According to an advantageous embodiment of the innovation, it is intended that the components of the laser, i.e. the resonator mirror, the laser-active medium with the associated pump system and possibly a Q-switch

l(j '. Cracking rituals are directly on the base plate. This saves the need for an additional optical bench for the laser. The polymer concrete base plate is sufficiently stable to ensure safe, uninterrupted laser operation. However, for this purpose, mounting parts must be cast onto the base plate.

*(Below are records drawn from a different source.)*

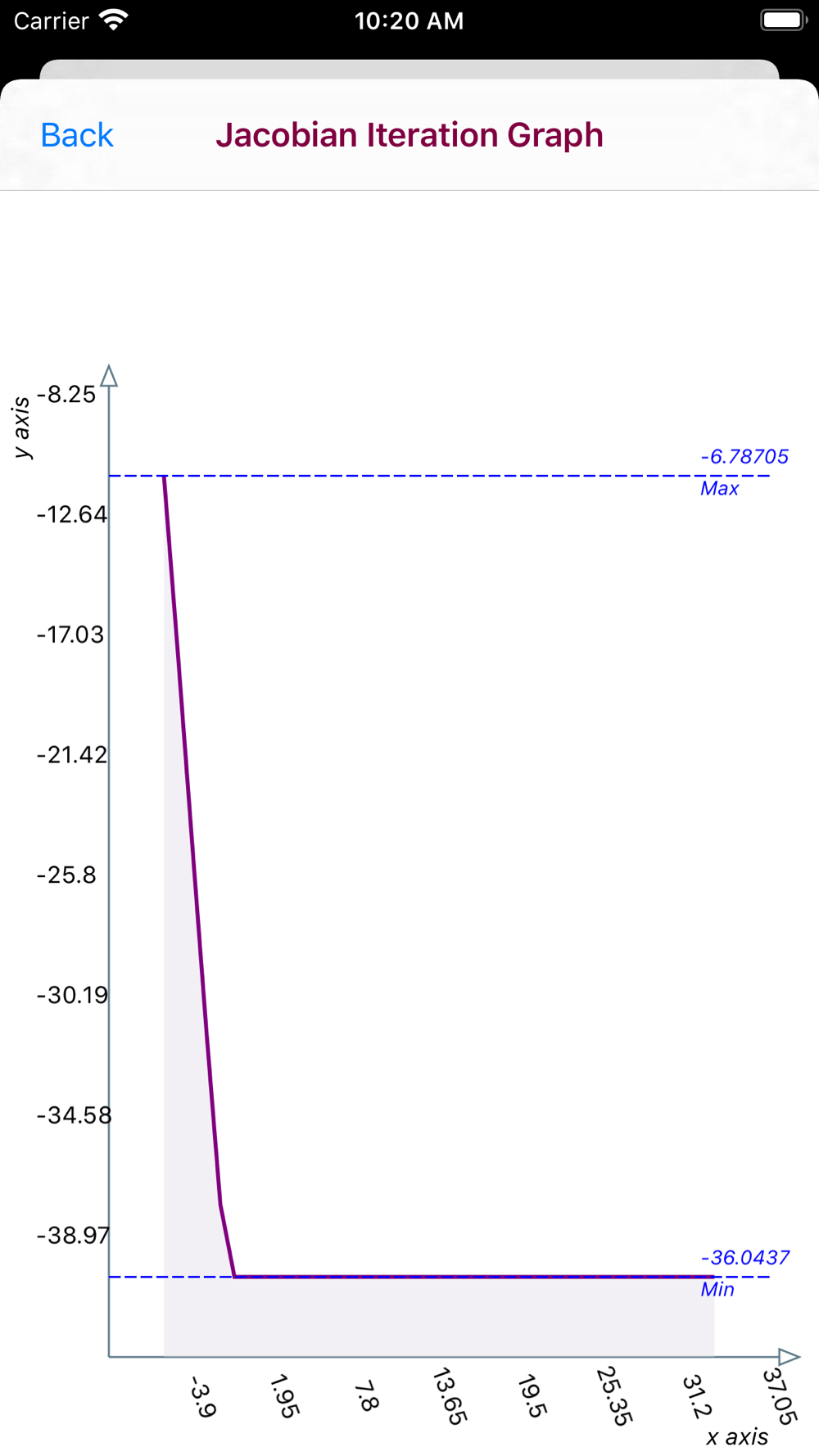 The Jacobi Iteration Calculator IPhone app allow for the easy entry of either a 2x2, matrix, the vector and estimate and validates the entered matrix, vector and estimate for the validity as a Jacobi matrix for iteration calculation.
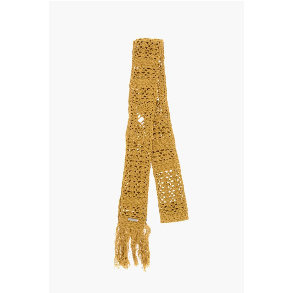 Dsquared² Solid Color Crochet Scarf with Fringes
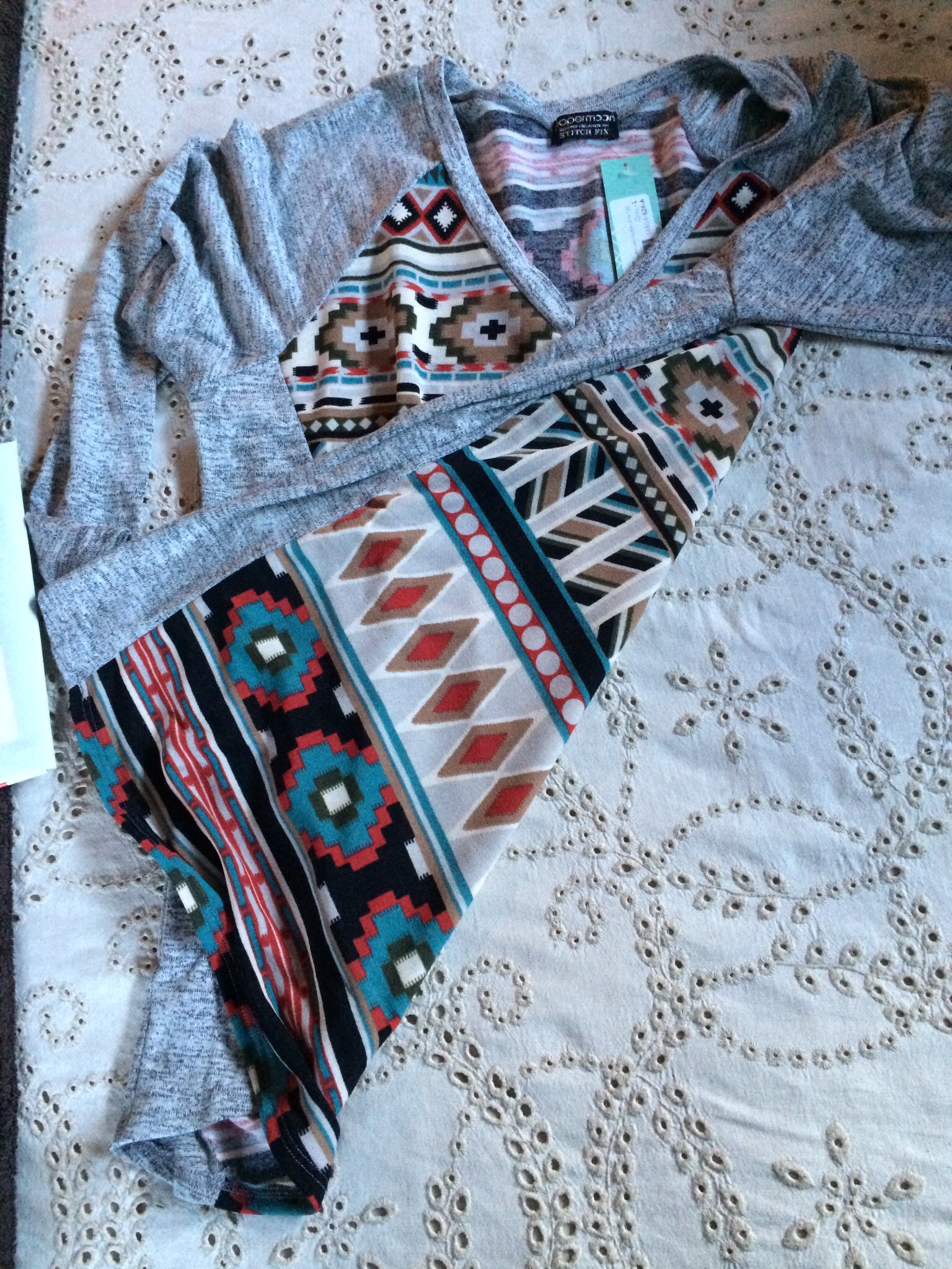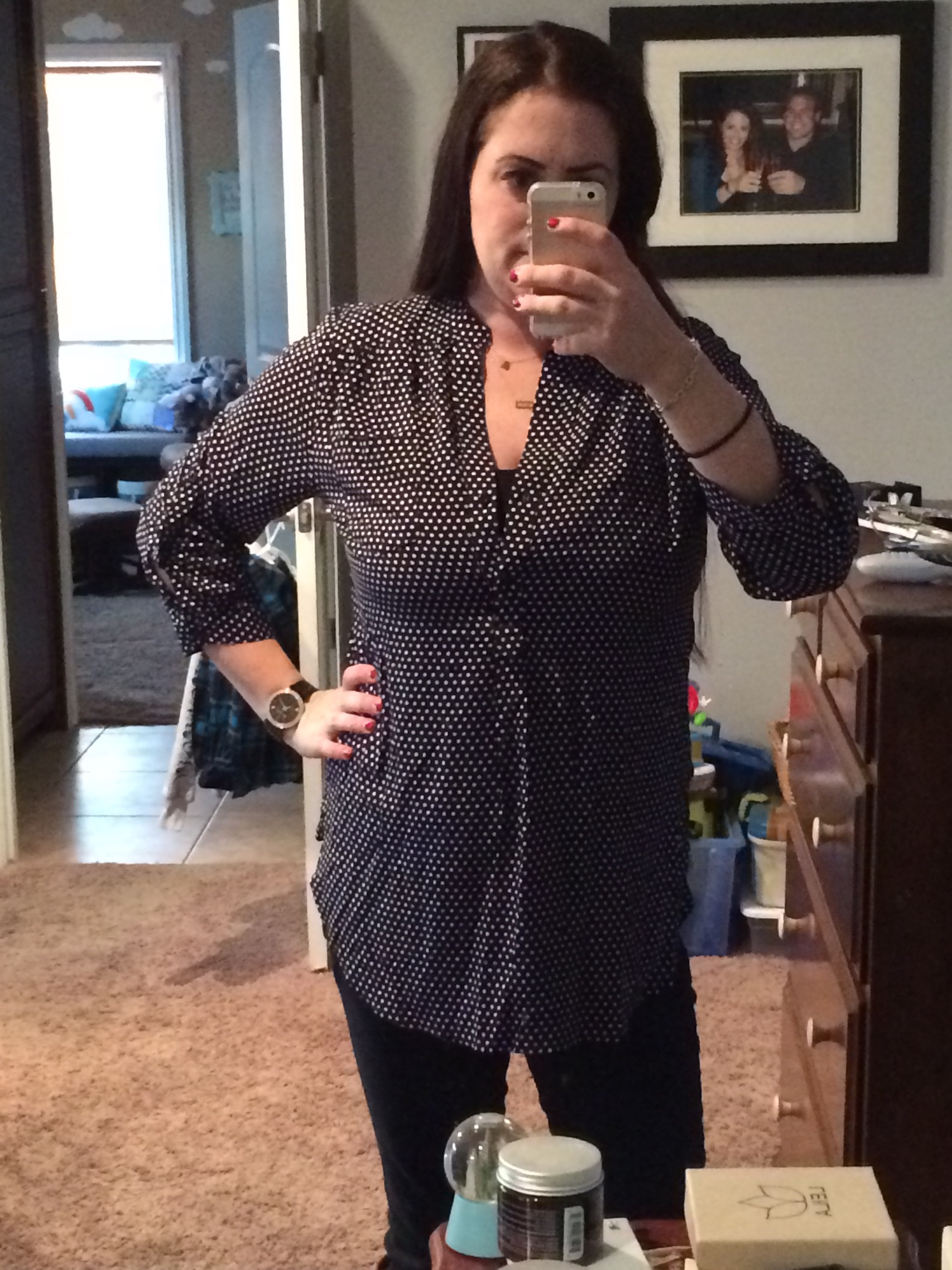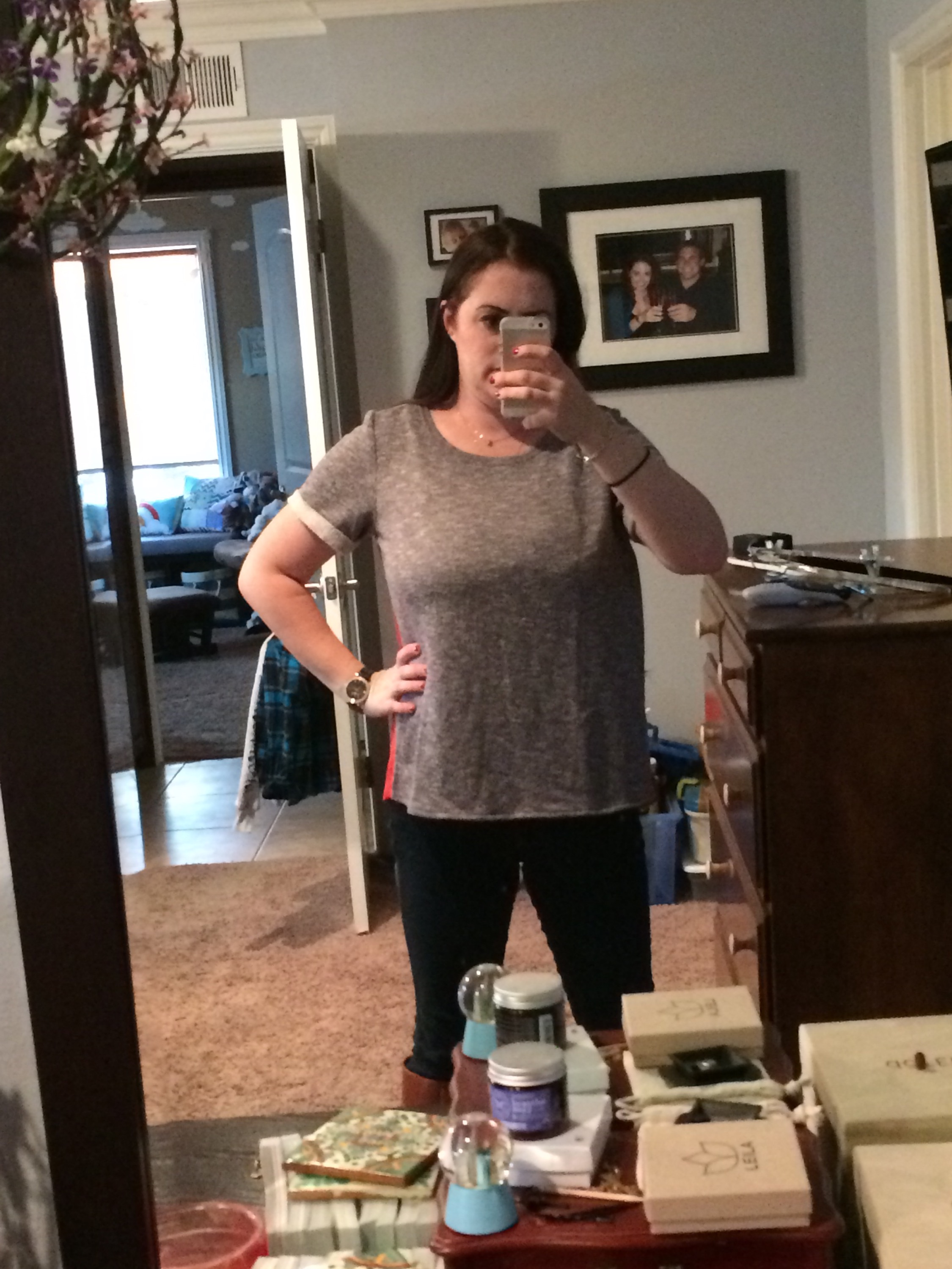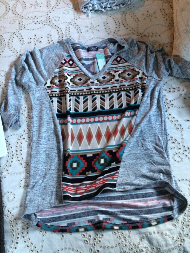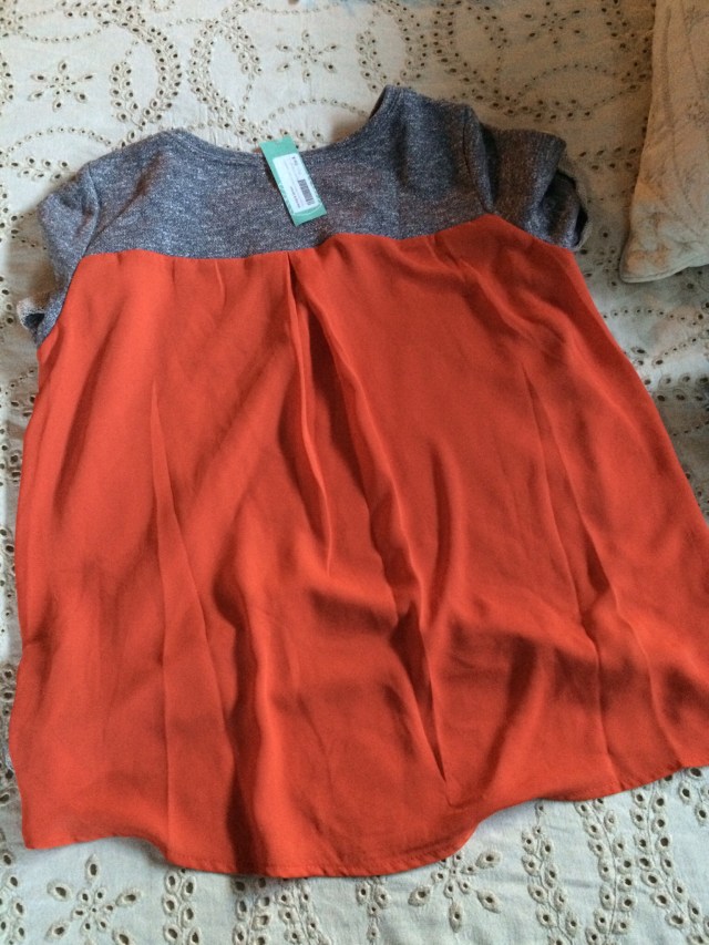 How it works: you take a style quiz, upload photos, and send sizes/preferences/types of clothing you are looking for, and you get a personal stylist. The styling fee is $20. You will get a box with five items shipped to your house on a date you choose. It could be anything from clothes to jewelry or purses. You receive styling cards with two outfit suggestions per item in the box. If you buy anything, the $20 styling fee is credited from your order. If you purchase all five items, you get 25% off the whole box. Whatever you decide against goes into the included prepaid shipping bag and onto your doorstep. It’s that easy! I first tried it maybe two years ago, and I’ve done it on and off since. It’s especially helpful when I need specific items, like jeans. I have zero time to shlep myself and my two little ones all over a mall trying on jeans. I’ve gotten three pairs of jeans and they have all been a perfect fit. You can tell the stylist your price preference, but be prepared that it’s not Target prices. That being said, they have some cute stuff and some great prices, and the discount for buying everything is really great. The best part, though, is getting things picked for you and sent right to your door. My last fix was awesome. My preferences were: tops, specifically things I can nurse in, that hide my belly. Here’s what I got.

However, very good results were also achieved with another embodiment in which the components of the laser are arranged on a steel rail that has approximately the same coefficient of thermal expansion as the base plate. By choosing the same coefficient of thermal expansion, it is ensured that no so ^- called "bimetal effect" occurs, ie that the unit consisting of the two plate-shaped parts (steel rail and base plate) bulges when the thermal expansion differs and thus disrupts the adjustment of the laser resonator. In particular, a rail made of Invar (approx. 36% Ni, approx. 64% Fe) has proven to be particularly advantageous.

In order to be able to guide the laser beam precisely over the workpiece in two mutually perpendicular directions, a deflection unit with two rotating mirrors with mutually perpendicular axes of rotation is arranged in the beam path of the laser according to a further advantageous embodiment, which can preferably be pivoted using magnetic coils.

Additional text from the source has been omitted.